The argument you give for why the convergence holds is correct. I think your confusion is because the $\liminf$ and $\limsup$ are more general than the usual limits, designed to deal with when a sequence has multiple subsequences converging to different points, such as $(-1)^n + \frac{1}{n}$. There is always a subsequence converging to both the $\liminf$ and $\limsup$ separately when they disagree, so nothing precludes this sort of wild behavior. In fact by considering examples like $(-1)^n n$ you can even see that both are possible simultaneously.
There is a little topology that can be done to make more formal your observation, if you know about topological spaces.
We can say what it means for a sequence to converge to $\infty$ as follows. We define a neighborhood of $+\infty$ to be the positive connnected component of the complement of any connected, closed, bounded interval, i.e. the right ray leaving a connected, compact set. Then $a_n \to \infty$ if $a_n$ converges in the topology where the points are standard points, or $\pm \infty$, and the open sets are the standard open sets, together with sets of the form $\{ \text{ray leaving a compact set}\cup\{ \infty\} \}$.
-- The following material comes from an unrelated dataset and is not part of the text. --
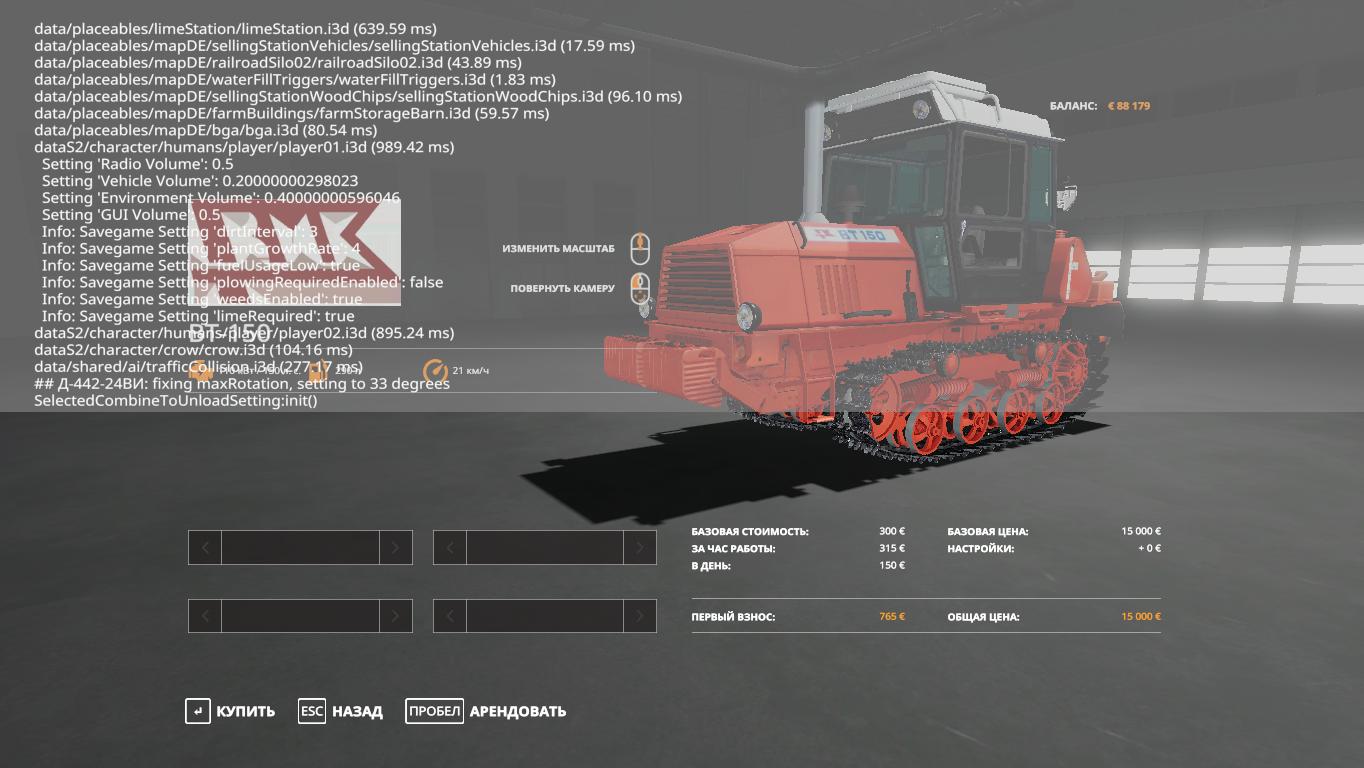 Price - EUR 15,000 Max. speed - 21 km / h Power - 150 hp Fuel tank - 290 l. Authors: nevan, MAC, yurovich, vladimir, Silak_68, cer5840, Ilyukha FS19: Sanek DERZ

Now in this topology, $\mathbb{R} \cup \pm \infty$ is homeomorphic to $[-1, 1]$. And it is clear that if you are a sequence in $[-1,1]$ with $\liminf a_n \to 1$, then it must be the case that $\lim a_n = 1$.
If you're interested, this construction is an example of the "End Compactification" of a topological space. We adjoined points corresponding to the different "infinities" in the space, and make a new topological space. This is often a more useful way of thinking about divergence, because you can distinguish divergence from what might be called "oscillatory" behavior.